In particular the dimensions are:

print("All encoder layers: ", all_encoder_layers)                  # list type
print("Number of layers:", len(all_encoder_layers))                # 12
print("Number of batches:", len(all_encoder_layers[0]))            # 1
print("Number of tokens:", len(all_encoder_layers[0][0]))          # 512
print("Number of hidden units:", len(all_encoder_layers[0][0][0])) # 768
print("Idx: ", self.layer_indexes)                                 # [-1, -2, -3, -4]

print("Averaged_output len: ", len(averaged_output))  # 1
print("Averaged_output dim: ", averaged_output.shape) # torch.Size([1, 512, 768])

However, when I migrate my code to the transformers library importing AutoTokenizer, AutoModel, the resulting all_encoded_layers object is no longer the full list of 12 hidden layers, but a single torch tensor object of shape torch.Size([1, 512, 768]). In particular the dimensions now are:

print("All encoder layers: ", all_encoder_layers)                # tensor type
print("Number of layers:", len(all_encoder_layers))              # 1
print("Number of batches:", len(all_encoder_layers[0]))          # 512
print("Number of tokens:", len(all_encoder_layers[0][0]))        # 768
print("Size of all encoder_layers: ", all_encoder_layers.size()) # torch.Size([1, 512, 768])
print("Idx: ", self.layer_indexes)                               # [-1, -2, -3, -4] 

which results in the following error when I attempt to create the averaged_output:

  File "/.../bert_features.py", line 103, in extract_bert_features
    averaged_output = torch.stack([all_encoder_layers[idx] for idx in self.layer_indexes]).mean(0) / len(self.layer_indexes)
  File "/.../bert_features.py", line 103, in <listcomp>
    averaged_output = torch.stack([all_encoder_layers[idx] for idx in self.layer_indexes]).mean(0) / len(self.layer_indexes)
IndexError: index -2 is out of bounds for dimension 0 with size 1

The migration documentation states that I should take the first element of the all_encoded_layers object as a replacement but is doing this the same as what I was doing previously to create the average?

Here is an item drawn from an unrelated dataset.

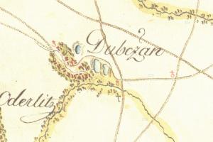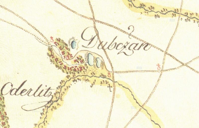 Dubčanech na staré mapě, ještě se třemi rybníky.

If the answer is yes, then I’m fine, otherwise do you have any ideas on how I could go about trying to replicate this line averaged_output = torch.stack([all_encoder_layers[idx] for idx in self.layer_indexes]).mean(0) / len(self.layer_indexes) that works for bert-base-uncased from pytorch_pretrained_bert also for pytorch_transformers?

Thanks a lot to everyone!

P.s. The question is also on StackOverflow with the same title.

Edit: The thing that is most obvious immediately is that the shape of averaged_output is the same as all_encoder_layers. In fact, using the latter the code works and excellent results are still obtained. The problem is that by doing so, we do not consider only the last 4 layers, but all of the 12 layers condensed into a single tensor.

Does anyone know if this change is relevant for Bert’s (especially UmBERTo) feature extraction purposes or can I postpone it?